* Data excerpt *
<<<<
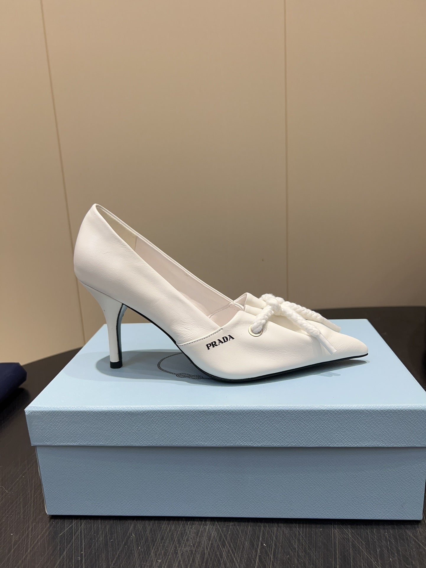 PRADA 25S POINTED TOE HIGH HEELS 85MM IN IVORY LAMBSKIN WITH TIE UP DESIGN
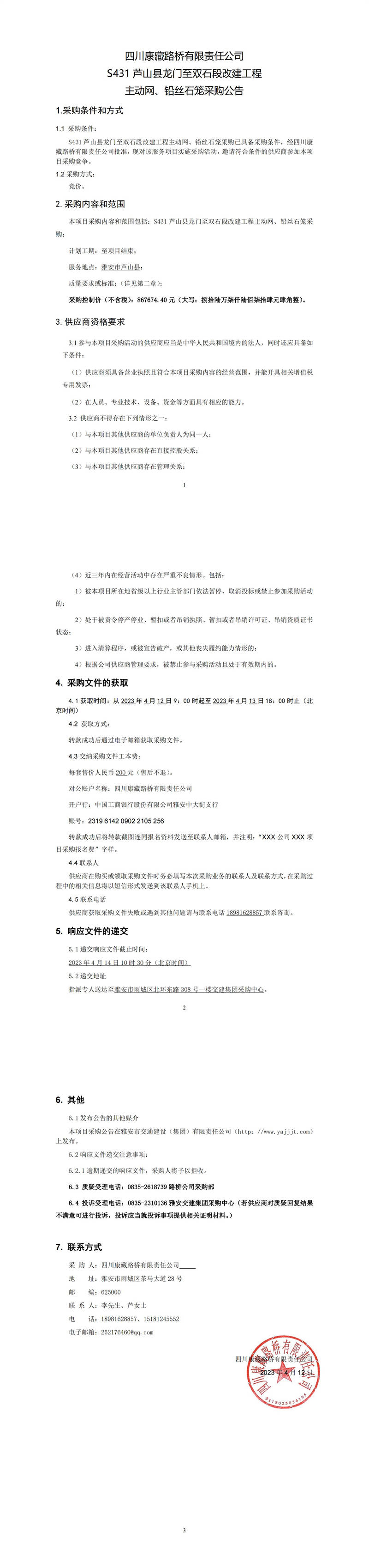四川康藏路橋有限責(zé)任公司S431蘆山縣龍門至雙石段改建工程主動網(wǎng)、鉛絲籠采購公告
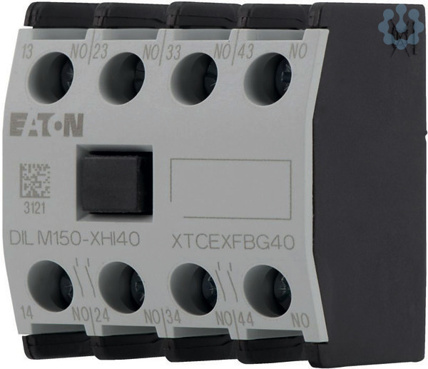 Hilfsschalterbaustein, mit zwangsgeführten Kontakten, Funktion: für Standardanwendungen, 4-polig, Anschlusstechnik: Schraubklemmen, Bemessungsbetriebsstrom AC-15 220 V 230 V 240 V: Ie= 6 A, Bemessungsbetriebsstrom AC-15 380 V 400 V 415 V: Ie= 4 A, Kontaktbestückung S = Schließer: 4 S, Montageart: Frontbefestigung, verwendbar für: DILM40?, DILM50?, DILM65?, DILM72?, DILM80?, DILM95?, DILM115?, DILM150?, DILM170?, DILMP63?, DILMP80?, DILMP125?, DILMP160?, DILMP200?, DILMF40?, DILMF50?, DILMF65?, DILMF80?, DILMF95?, DILMF115?, DILMF150?, Ausführung: Aufbauhilfsschalter, Hinweise: Zwangsgeführte Kontakte, nach IEC/EN 60947-5-1 Anhang L, innerhalb der Hilfsschalterbausteine, Hilfsöffner verwendbar als Spiegelkontakt nach IEC/EN 60947-4-1 Anhang F (nicht Spätöffner)
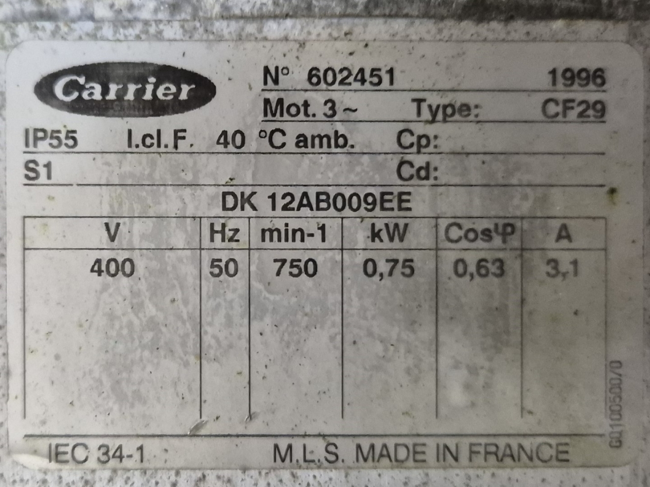 Gebruikte Carrier CF29 ventilator met de volgende specificaties: 50 Hz - 0,75 kW - 750 RPM.
>>>>
* What you have to do *
Leave out the pictures, then repeat the listing above exactly from its first line to the line with "四川康藏路橋有限責(zé)任", inclusive.

* Worked solution *
 PRADA 25S POINTED TOE HIGH HEELS 85MM IN IVORY LAMBSKIN WITH TIE UP DESIGN
四川康藏路橋有限責(zé)任公司S431蘆山縣龍門至雙石段改建工程主動網(wǎng)、鉛絲籠采購公告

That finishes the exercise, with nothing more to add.